• Interdiction de l’exploitation des hydrocarbures. L’Assemblée nationale a voté par 316 voix contre 69 (et 47 abstentions) le projet de loi porté par le ministre de la Transition écologique Nicolas Hulot programmant la fin de l’exploitation des hydrocarbures à l’horizon 2040. Plusieurs organisations environnementales comme Les Amis de la Terre ont regretté l’ajout d’un amendement permettant de prolonger les concessions au-delà de 2040 si le titulaire du permis de recherche démontre « qu’une telle limitation ne permet pas de couvrir ses coûts de recherche et d’exploitation ».

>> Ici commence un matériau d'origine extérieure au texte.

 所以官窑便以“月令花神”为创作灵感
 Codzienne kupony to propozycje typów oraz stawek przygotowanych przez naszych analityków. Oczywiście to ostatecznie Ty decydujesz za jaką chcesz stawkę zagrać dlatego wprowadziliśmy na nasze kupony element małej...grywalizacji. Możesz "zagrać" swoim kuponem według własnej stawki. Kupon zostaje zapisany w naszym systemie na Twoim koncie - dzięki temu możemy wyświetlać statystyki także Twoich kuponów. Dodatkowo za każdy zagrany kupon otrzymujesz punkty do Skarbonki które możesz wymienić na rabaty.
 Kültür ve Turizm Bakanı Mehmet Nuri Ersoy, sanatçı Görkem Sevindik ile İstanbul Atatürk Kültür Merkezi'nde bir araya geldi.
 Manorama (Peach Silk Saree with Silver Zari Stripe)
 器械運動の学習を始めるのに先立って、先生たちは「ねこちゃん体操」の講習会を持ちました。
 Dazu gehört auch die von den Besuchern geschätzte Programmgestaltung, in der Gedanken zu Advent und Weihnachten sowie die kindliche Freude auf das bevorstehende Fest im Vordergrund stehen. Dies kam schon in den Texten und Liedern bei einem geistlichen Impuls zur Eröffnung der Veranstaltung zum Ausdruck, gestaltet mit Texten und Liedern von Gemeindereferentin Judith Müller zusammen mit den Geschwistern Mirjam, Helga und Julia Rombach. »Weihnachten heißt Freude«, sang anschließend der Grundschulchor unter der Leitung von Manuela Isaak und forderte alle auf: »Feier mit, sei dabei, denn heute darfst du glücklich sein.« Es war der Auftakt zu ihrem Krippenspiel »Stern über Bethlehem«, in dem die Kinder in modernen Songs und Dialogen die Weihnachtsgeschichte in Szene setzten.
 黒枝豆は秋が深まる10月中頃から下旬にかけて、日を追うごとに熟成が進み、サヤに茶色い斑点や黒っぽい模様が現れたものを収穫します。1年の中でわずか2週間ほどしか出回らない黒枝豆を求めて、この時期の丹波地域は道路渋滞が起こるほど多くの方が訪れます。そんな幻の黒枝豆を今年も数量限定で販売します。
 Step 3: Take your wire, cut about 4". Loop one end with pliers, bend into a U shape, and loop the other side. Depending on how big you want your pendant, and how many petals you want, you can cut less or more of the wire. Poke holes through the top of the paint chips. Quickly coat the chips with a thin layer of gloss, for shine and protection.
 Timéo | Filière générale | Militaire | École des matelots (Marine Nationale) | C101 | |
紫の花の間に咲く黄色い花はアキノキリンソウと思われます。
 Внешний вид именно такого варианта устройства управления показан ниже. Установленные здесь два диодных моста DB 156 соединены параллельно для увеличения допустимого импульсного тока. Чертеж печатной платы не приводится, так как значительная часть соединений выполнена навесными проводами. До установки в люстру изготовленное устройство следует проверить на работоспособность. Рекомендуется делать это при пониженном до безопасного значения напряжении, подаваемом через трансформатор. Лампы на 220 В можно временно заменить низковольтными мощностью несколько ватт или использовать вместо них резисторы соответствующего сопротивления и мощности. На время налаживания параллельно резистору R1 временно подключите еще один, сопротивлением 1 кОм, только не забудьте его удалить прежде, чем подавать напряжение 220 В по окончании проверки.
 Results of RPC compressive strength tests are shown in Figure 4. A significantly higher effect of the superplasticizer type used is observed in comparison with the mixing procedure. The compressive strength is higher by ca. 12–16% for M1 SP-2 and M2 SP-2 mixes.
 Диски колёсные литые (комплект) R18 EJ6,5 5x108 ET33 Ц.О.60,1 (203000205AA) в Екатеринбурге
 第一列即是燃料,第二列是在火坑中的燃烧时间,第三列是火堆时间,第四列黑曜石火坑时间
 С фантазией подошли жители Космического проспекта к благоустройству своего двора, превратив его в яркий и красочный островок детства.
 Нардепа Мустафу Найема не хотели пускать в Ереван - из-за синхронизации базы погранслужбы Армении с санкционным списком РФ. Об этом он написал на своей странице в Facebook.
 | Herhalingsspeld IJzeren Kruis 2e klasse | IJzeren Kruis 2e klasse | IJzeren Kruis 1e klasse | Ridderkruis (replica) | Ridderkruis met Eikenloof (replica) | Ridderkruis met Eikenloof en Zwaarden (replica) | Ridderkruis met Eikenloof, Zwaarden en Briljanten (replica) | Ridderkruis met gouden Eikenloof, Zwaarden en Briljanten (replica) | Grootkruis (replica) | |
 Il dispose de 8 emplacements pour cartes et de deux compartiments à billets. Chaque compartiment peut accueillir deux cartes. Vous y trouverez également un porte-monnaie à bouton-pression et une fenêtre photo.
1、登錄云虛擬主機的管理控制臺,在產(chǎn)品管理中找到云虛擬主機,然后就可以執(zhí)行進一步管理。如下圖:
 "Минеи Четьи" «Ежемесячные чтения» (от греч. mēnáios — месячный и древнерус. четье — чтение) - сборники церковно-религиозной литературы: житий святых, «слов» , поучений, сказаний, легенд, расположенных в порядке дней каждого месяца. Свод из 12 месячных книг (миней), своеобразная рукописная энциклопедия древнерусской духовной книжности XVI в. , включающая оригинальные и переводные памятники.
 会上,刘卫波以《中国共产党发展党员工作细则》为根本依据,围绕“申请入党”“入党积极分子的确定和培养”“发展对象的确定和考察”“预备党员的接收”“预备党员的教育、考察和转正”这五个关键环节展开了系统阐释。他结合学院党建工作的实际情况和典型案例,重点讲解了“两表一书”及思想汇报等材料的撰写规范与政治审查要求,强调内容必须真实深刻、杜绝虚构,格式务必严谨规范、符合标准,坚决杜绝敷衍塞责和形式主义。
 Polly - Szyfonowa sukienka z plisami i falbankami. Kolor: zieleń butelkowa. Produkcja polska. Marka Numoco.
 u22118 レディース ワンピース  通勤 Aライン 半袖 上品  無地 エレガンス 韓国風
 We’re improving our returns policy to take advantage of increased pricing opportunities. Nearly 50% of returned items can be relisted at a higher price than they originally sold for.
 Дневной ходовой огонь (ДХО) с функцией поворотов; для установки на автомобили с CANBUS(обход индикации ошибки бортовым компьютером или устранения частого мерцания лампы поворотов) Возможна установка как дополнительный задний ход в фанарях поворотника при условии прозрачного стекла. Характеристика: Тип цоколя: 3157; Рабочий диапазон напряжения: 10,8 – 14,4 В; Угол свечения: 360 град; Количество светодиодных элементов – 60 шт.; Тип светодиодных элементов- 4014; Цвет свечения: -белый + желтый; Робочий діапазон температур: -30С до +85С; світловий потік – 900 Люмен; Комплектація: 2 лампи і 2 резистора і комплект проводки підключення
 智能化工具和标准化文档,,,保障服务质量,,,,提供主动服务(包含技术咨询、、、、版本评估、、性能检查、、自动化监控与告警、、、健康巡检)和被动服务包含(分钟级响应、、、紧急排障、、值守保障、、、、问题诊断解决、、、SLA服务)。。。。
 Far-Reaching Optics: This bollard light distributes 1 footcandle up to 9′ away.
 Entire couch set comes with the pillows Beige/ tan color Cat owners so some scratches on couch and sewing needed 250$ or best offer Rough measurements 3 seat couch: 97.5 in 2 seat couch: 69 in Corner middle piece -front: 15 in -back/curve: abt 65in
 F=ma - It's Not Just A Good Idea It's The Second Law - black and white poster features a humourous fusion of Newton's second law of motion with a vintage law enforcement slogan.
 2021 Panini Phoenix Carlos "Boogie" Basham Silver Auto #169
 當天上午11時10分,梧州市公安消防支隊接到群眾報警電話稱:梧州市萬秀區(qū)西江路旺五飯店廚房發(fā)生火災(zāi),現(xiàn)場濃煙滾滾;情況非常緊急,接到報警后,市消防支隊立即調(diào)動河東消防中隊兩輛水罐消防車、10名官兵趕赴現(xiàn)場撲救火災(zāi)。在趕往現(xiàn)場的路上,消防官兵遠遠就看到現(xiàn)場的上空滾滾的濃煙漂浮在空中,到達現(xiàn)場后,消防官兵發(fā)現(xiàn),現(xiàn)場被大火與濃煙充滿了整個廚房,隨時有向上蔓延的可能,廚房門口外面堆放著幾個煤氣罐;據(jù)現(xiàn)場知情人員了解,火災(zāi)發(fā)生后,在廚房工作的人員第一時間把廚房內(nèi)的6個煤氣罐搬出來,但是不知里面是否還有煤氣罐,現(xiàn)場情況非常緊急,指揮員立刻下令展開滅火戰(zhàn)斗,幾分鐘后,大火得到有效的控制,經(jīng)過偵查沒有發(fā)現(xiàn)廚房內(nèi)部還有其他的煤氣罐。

  • Sécurité des centrales nucléaires. L’ONG environnementale Greenpeace a dévoilé les conclusions d’un rapport qu’elle a commandé à sept experts selon lesquels les piscines de stockage des combustibles nucléaires usés en France et en Belgique sont mal protégées vis-à-vis de potentielles attaques terroristes. EDF a réagi en affirmant que ses centrales étaient « sûres, bien surveillées et très bien protégées ».

  • Piétonnisation et pollution. L’organisme de surveillance de la qualité de l’air en Île-de-France, Airparif, a publié les résultats d’une enquête étalée sur un an selon laquelle la fermeture à la circulation en septembre 2016 de la voie Georges-Pompidou sur 3,5 km le long de la Seine à Paris n’a eu « aucun impact significatif sur l’exposition des populations » à la pollution. Airparif a constaté une « amélioration de la qualité de l’air le long des quais fermés à la circulation », mais une dégradation « dès la fin de la portion piétonnisée » et sur plusieurs itinéraires de report.

  • Deux prisonniers soupçonnés de préparer un attentat. Deux détenus de droit commun sur le point d’être libérés de la prison de Fresnes (Val-de-Marne) ont été mis en examen vendredi pour association de malfaiteurs terroriste criminelle, a révélé hier soir LCI. Suivis par les services de renseignement pour leur radicalisation, ils sont soupçonnés d’avoir projeté de commettre un attentat à leur libération.

  • Pas d’accord entre les syndicats. Rassemblés hier soir à Montreuil, en Seine-Saint-Denis, des représentants des syndicats CGT, CFDT, FO, CFE-CGC, CFTC, Solidaires, Unsa, FSU et d’organisations de jeunesse n’ont pas réussi à se mettre d’accord sur l’organisation d’une journée de mobilisation contre les réformes du gouvernement. La CGT a appelé à une grève et des manifestations le 19 octobre et les syndicats ont prévu une nouvelle séance de discussion le 24 octobre.